== DATA ==
....................

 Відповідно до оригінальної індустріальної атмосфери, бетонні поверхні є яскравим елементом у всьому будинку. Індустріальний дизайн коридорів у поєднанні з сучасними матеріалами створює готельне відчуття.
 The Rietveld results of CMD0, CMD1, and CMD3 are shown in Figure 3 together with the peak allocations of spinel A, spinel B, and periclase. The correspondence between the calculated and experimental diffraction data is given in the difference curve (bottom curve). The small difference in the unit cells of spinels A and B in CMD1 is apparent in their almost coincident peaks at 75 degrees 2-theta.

....................

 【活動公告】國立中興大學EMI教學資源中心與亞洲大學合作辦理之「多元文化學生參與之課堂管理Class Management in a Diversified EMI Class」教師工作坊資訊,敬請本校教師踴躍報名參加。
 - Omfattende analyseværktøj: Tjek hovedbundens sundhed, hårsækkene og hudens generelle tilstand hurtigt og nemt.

....................

== WHAT TO DO ==
Everything above from the line containing "Відповідно до оригінальної" through the line containing "The Rietveld results" must be copied exactly. Nothing outside that range belongs in the answer.

== OUTPUT BELOW ==
 Відповідно до оригінальної індустріальної атмосфери, бетонні поверхні є яскравим елементом у всьому будинку. Індустріальний дизайн коридорів у поєднанні з сучасними матеріалами створює готельне відчуття.
 The Rietveld results of CMD0, CMD1, and CMD3 are shown in Figure 3 together with the peak allocations of spinel A, spinel B, and periclase. The correspondence between the calculated and experimental diffraction data is given in the difference curve (bottom curve). The small difference in the unit cells of spinels A and B in CMD1 is apparent in their almost coincident peaks at 75 degrees 2-theta.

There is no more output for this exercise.